Exercise details: What is needed here is an exact printout of the data, with no pictures included.

Recorded information:
--- --- ---

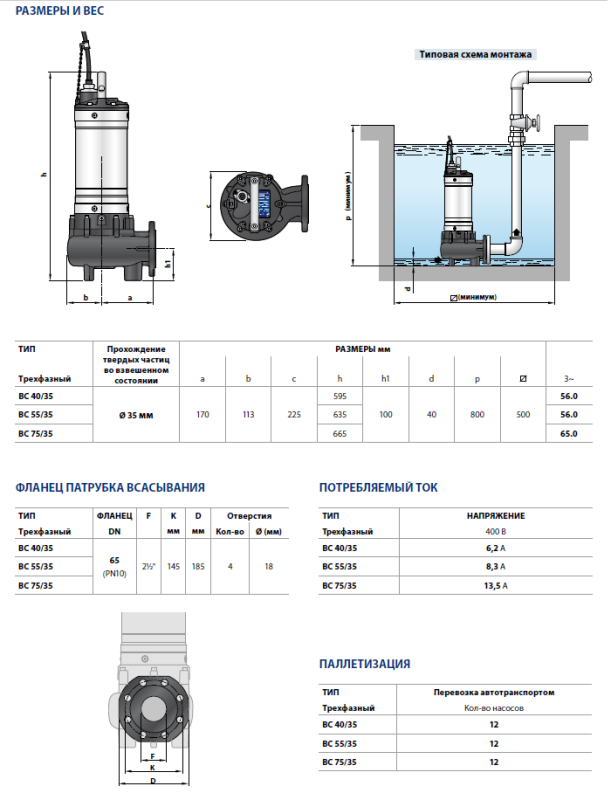 - Максимальное прохождение твердых частиц во взвешенном состоянии до d=35 мм
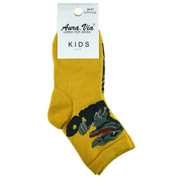 Żółte skarpetki dziecięce z motywem dinozaura bawełna Aura.Via GZF9108
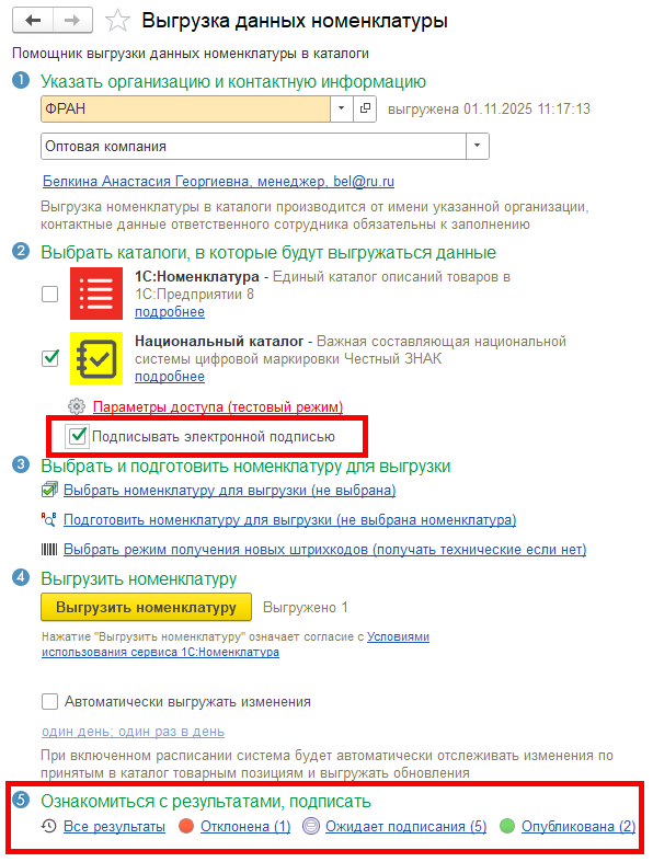 Эти статусы отображаются в нижней части формы Выгрузка данных номенклатуры и в форме Результаты выгрузки номенклатуры в Национальный каталог. Статус Принята соответствует как карточкам, ожидающим подписания в личном кабинете национального каталога, так и подписанным и опубликованным карточкам.

--- --- ---

Exercise response:
 - Максимальное прохождение твердых частиц во взвешенном состоянии до d=35 мм
 Żółte skarpetki dziecięce z motywem dinozaura bawełna Aura.Via GZF9108
 Эти статусы отображаются в нижней части формы Выгрузка данных номенклатуры и в форме Результаты выгрузки номенклатуры в Национальный каталог. Статус Принята соответствует как карточкам, ожидающим подписания в личном кабинете национального каталога, так и подписанным и опубликованным карточкам.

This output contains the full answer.